RECORDED INFORMATION:
------------------------------------
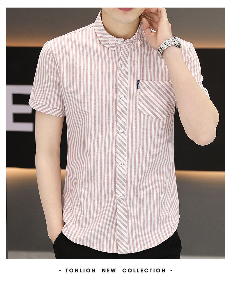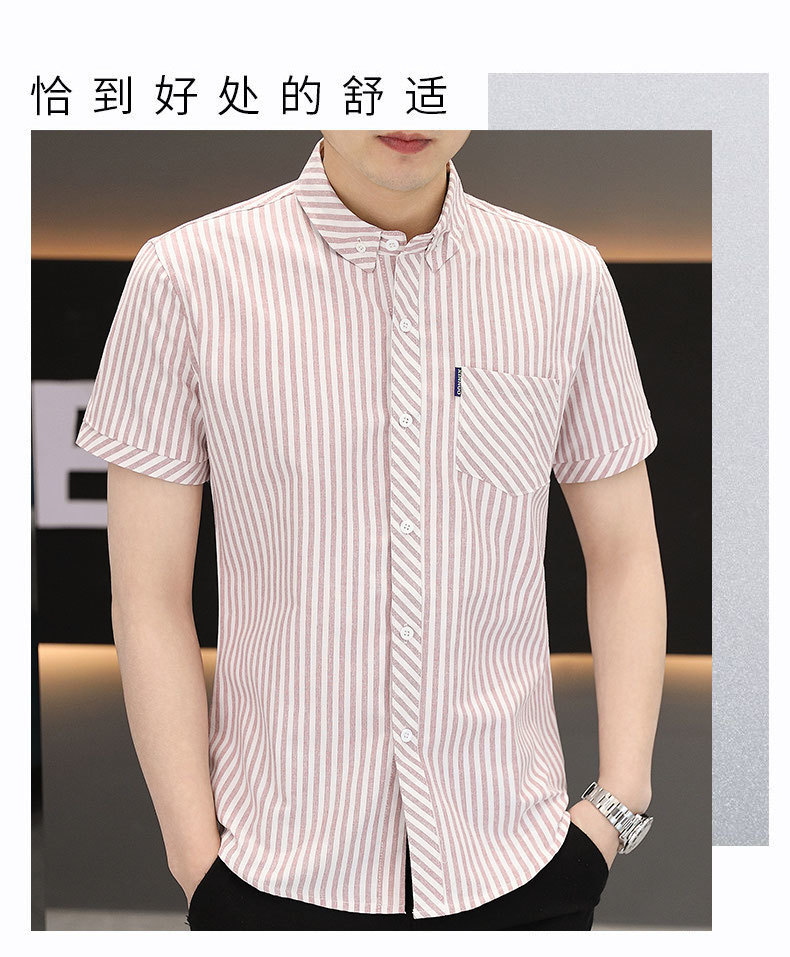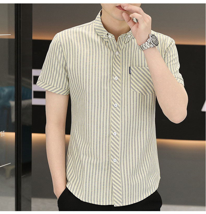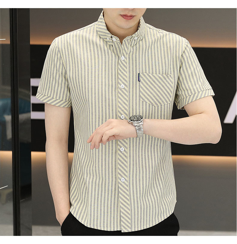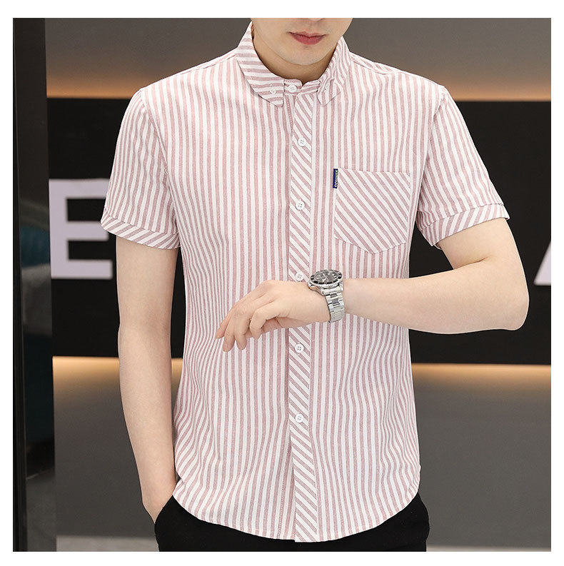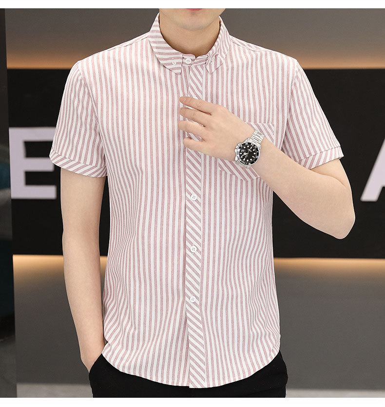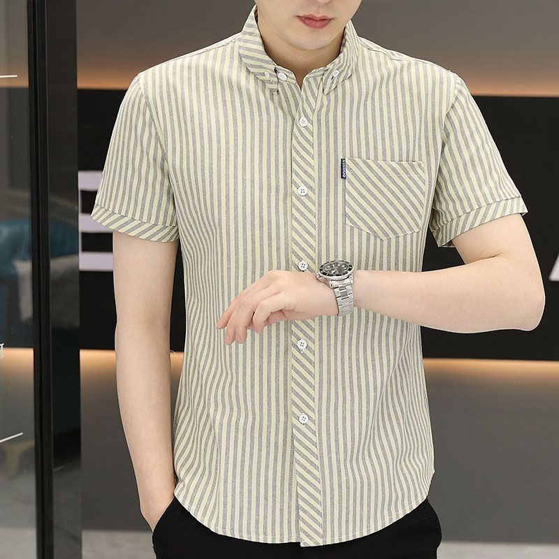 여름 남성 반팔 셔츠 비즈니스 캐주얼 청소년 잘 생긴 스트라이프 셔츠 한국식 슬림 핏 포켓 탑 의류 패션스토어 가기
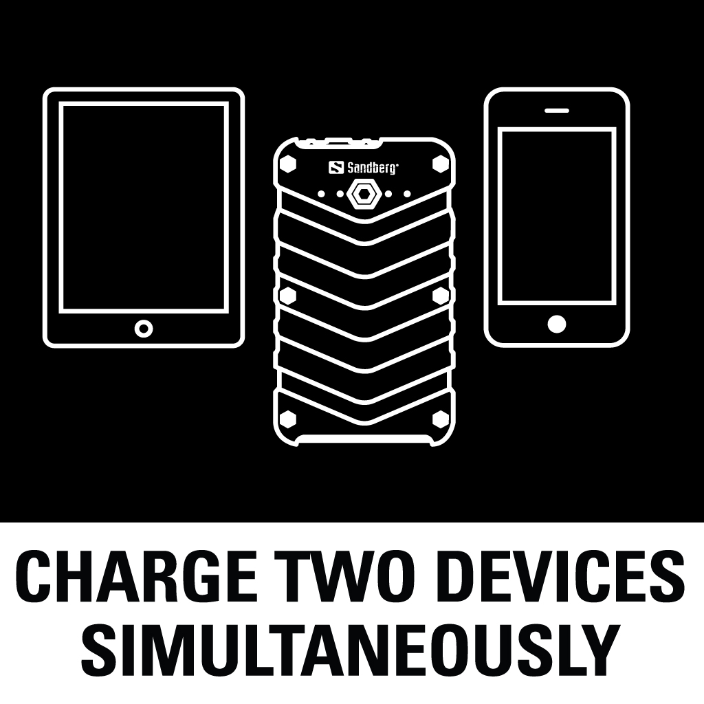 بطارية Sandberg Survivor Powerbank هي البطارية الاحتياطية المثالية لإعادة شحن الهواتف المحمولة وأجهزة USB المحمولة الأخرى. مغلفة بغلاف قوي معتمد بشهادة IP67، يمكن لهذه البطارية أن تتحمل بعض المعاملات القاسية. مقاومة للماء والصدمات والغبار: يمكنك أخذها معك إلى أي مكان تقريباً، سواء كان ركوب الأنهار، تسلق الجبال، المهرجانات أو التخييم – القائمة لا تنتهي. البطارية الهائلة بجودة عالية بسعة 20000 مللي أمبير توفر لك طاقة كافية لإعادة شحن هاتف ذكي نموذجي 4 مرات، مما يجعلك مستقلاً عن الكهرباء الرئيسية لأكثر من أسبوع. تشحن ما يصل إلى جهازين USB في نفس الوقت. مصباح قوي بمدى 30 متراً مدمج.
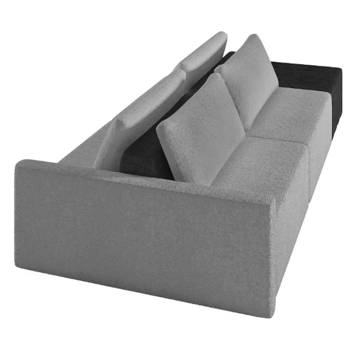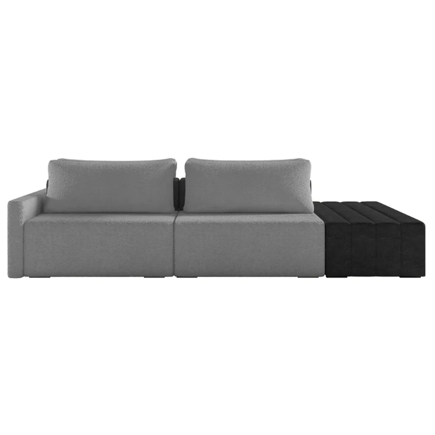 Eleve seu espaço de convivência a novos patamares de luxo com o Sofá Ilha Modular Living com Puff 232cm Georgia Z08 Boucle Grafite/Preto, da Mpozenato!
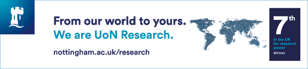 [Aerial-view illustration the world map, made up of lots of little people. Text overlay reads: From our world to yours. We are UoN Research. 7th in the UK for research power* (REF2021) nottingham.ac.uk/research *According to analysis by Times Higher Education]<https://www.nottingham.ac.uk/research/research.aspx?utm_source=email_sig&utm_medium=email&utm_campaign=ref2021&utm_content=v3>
------------------------------------
EXERCISE DETAILS: In the answer, retype exactly and only the lines from the one holding "Eleve seu espaço" through the end of the listing, keeping both ends and dropping every picture.

RESULT FOR THIS EXERCISE:
 Eleve seu espaço de convivência a novos patamares de luxo com o Sofá Ilha Modular Living com Puff 232cm Georgia Z08 Boucle Grafite/Preto, da Mpozenato!
 [Aerial-view illustration the world map, made up of lots of little people. Text overlay reads: From our world to yours. We are UoN Research. 7th in the UK for research power* (REF2021) nottingham.ac.uk/research *According to analysis by Times Higher Education]<https://www.nottingham.ac.uk/research/research.aspx?utm_source=email_sig&utm_medium=email&utm_campaign=ref2021&utm_content=v3>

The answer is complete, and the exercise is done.